EXERCISE DETAILS => Go to the line holding "Вот такой у" in the data below. Return it and each line after it through the last, exactly, and skip the pictures.

********

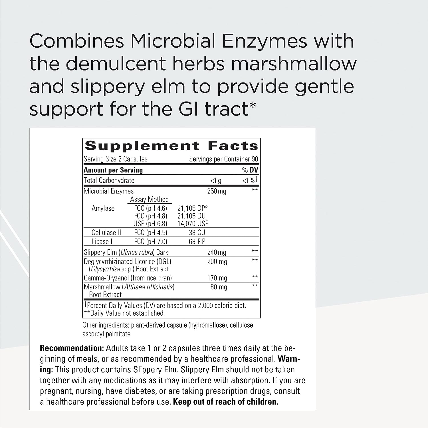 BULLET POINTS : 1 > Marshmallow and slippery elm combined with microbial digestive enzymes, licorice root extract, and gamma-oryzanol provide support for the GI tract
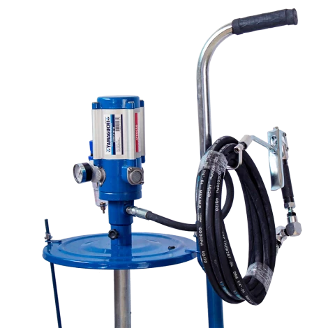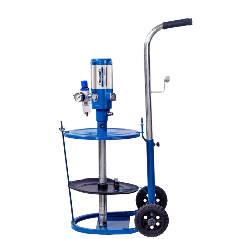Su operación es completamente neumática, eliminando el esfuerzo manual. El alto rateio 50:1 garantiza la presión necesaria para la lubricación de maquinaria industrial y agrícola. El disco rascador asegura el aprovechamiento total de la grasa dentro del balde.
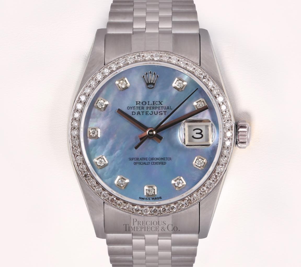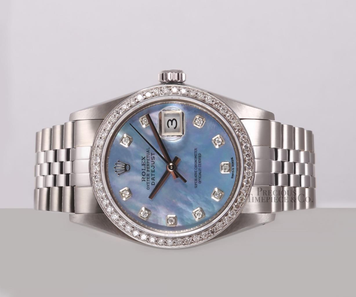 | DIAL | Custom Blue Mother of Pearl Dial with Diamond Hour Markers |
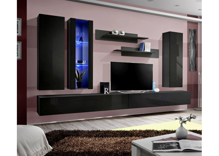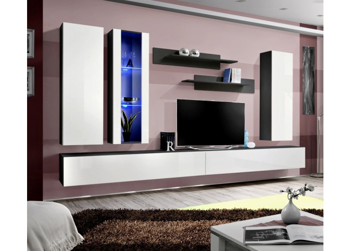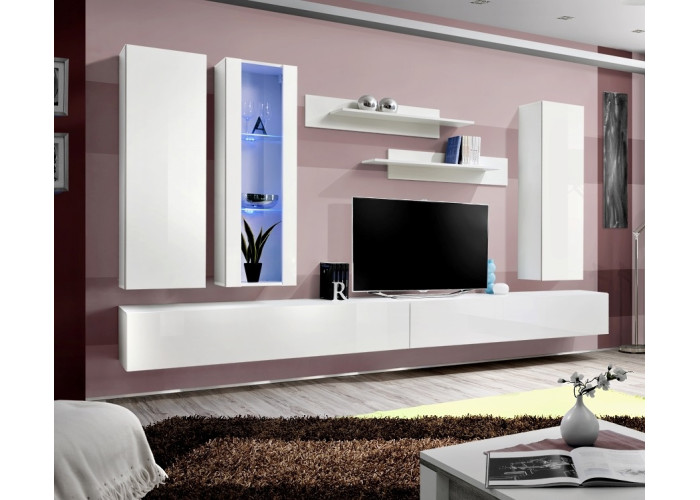 Obývacia stena FLY E4 sa skladá z niekoľkých častí: zo závesných skriniek a vitrín, 2 ks TV stolíkov a 2 ks závesných poličiek. Vhodná je najmä do moderne zariadených priestorov. Dvierka z vysokého lesku sa otvárajú pomocou bezúchytového systému PUSH-CLICK, kedy stačí jemne zatlačiť na dvierka, pre otvorenie a opätovné zatvorenie. Všetky skrinky je potrebné zavesiť na stenu, čo oceníte najmä pri upratovaní.
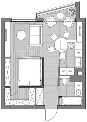 Вот такой у нас получился нестандартный вариант планировки однокомнатной квартиры, наглядно иллюстрирующий, что мы делаем работу для каждого человека индивидуально, по его личному ТЗ. Что, наверное, самое важное в работе дизайнера: сделать не только по-журнальному красиво, но, главное, удобно для жизни и функционально.
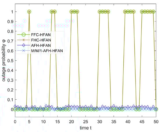 In scenarios where a band comprises frequency points and the electromagnetic spectrum undergoes blocking jamming, the average outage rate of users within the subnet is simulated, as depicted in Figure 8.
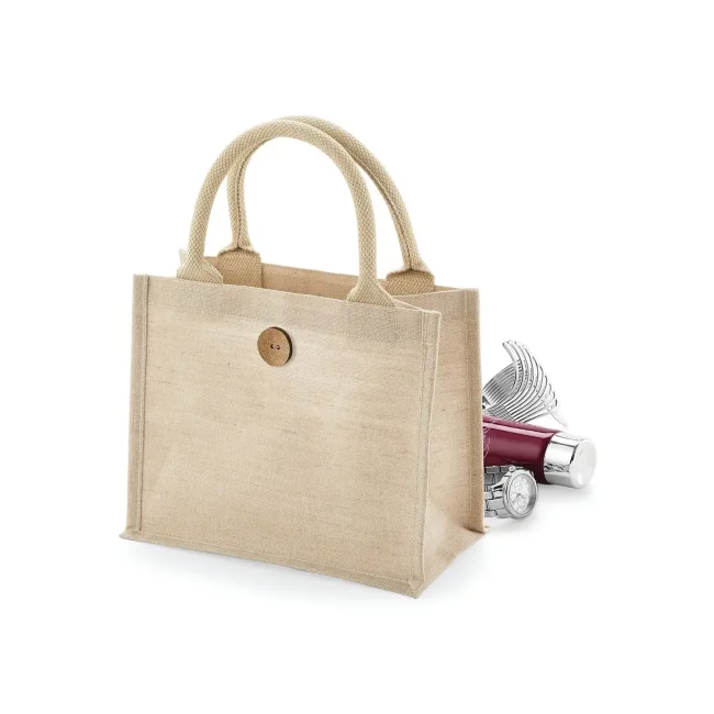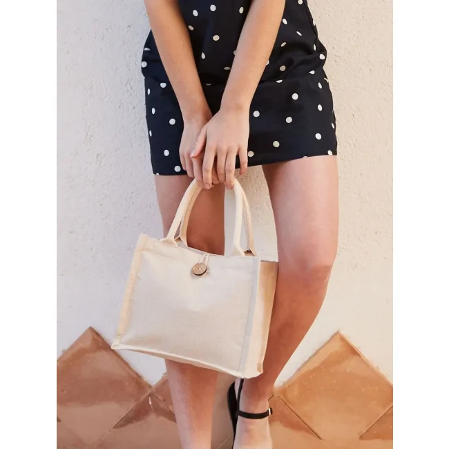 Juco laminato (mix 75% juta, 25% cotone). Borsa a chiusura con cordino e bottone in legno. Etichetta removibile. Lunghezza manico: 35 cm, dimensioni: 26 x 22 x 14 cm, capacita': 6 litri, area stampabile: 18 x 14 cm.

********

SOLUTION TO THIS PROBLEM =>
 Вот такой у нас получился нестандартный вариант планировки однокомнатной квартиры, наглядно иллюстрирующий, что мы делаем работу для каждого человека индивидуально, по его личному ТЗ. Что, наверное, самое важное в работе дизайнера: сделать не только по-журнальному красиво, но, главное, удобно для жизни и функционально.
 In scenarios where a band comprises frequency points and the electromagnetic spectrum undergoes blocking jamming, the average outage rate of users within the subnet is simulated, as depicted in Figure 8.
 Juco laminato (mix 75% juta, 25% cotone). Borsa a chiusura con cordino e bottone in legno. Etichetta removibile. Lunghezza manico: 35 cm, dimensioni: 26 x 22 x 14 cm, capacita': 6 litri, area stampabile: 18 x 14 cm.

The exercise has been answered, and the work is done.